▶ **Data**:
= = =

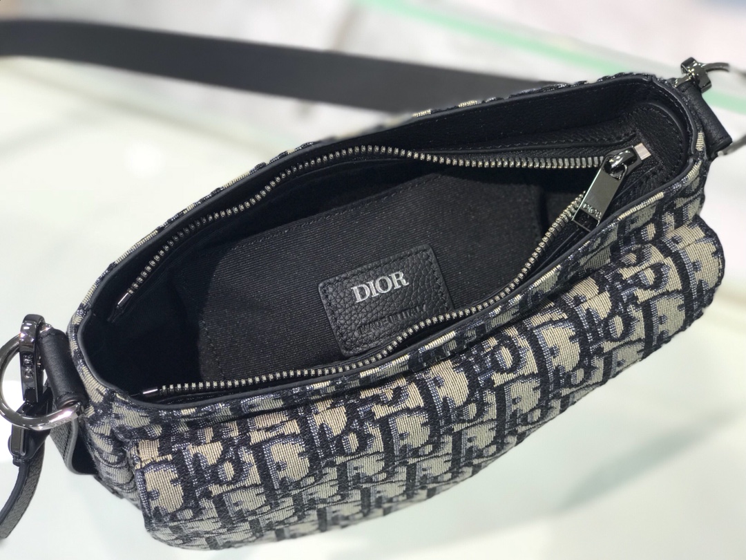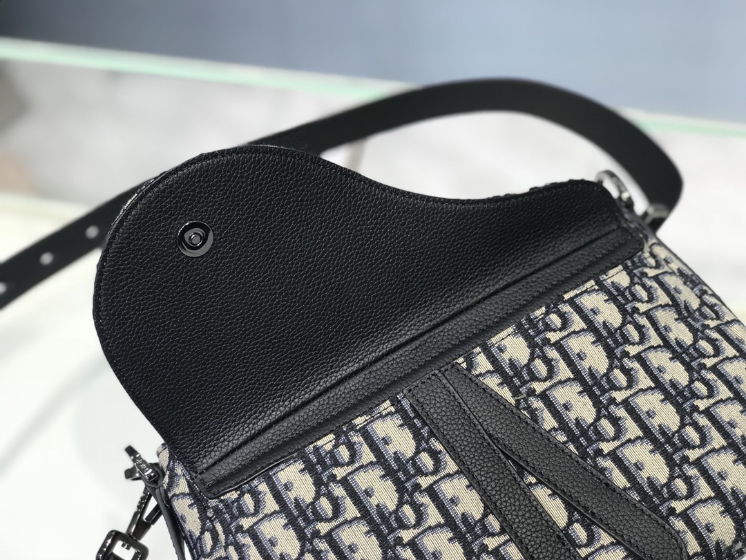 D10r beige black and navy blue D10r oblique tapestry and black grained calfskin 26cm
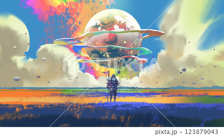 Explorer Witnesses a Vibrant Planet in Fantasy Landscape
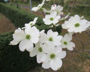 ハナミズキ「花が可愛らしい春の定番! 目の高さで咲かせると花の形が見えて良い。2階から見るのも良いのだろう。」2025.4
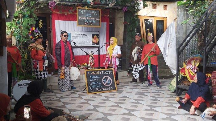 Mereka kemudian menunjukkan kesenian srandul dengan tema TOSS- TB (Temukan Obati Sampai Sembuh Tuberkulosis).

= = =

Would you provide an exact, picture-free copy of the data above?

▶ **Task response**:
 D10r beige black and navy blue D10r oblique tapestry and black grained calfskin 26cm
 Explorer Witnesses a Vibrant Planet in Fantasy Landscape
 ハナミズキ「花が可愛らしい春の定番! 目の高さで咲かせると花の形が見えて良い。2階から見るのも良いのだろう。」2025.4
 Mereka kemudian menunjukkan kesenian srandul dengan tema TOSS- TB (Temukan Obati Sampai Sembuh Tuberkulosis).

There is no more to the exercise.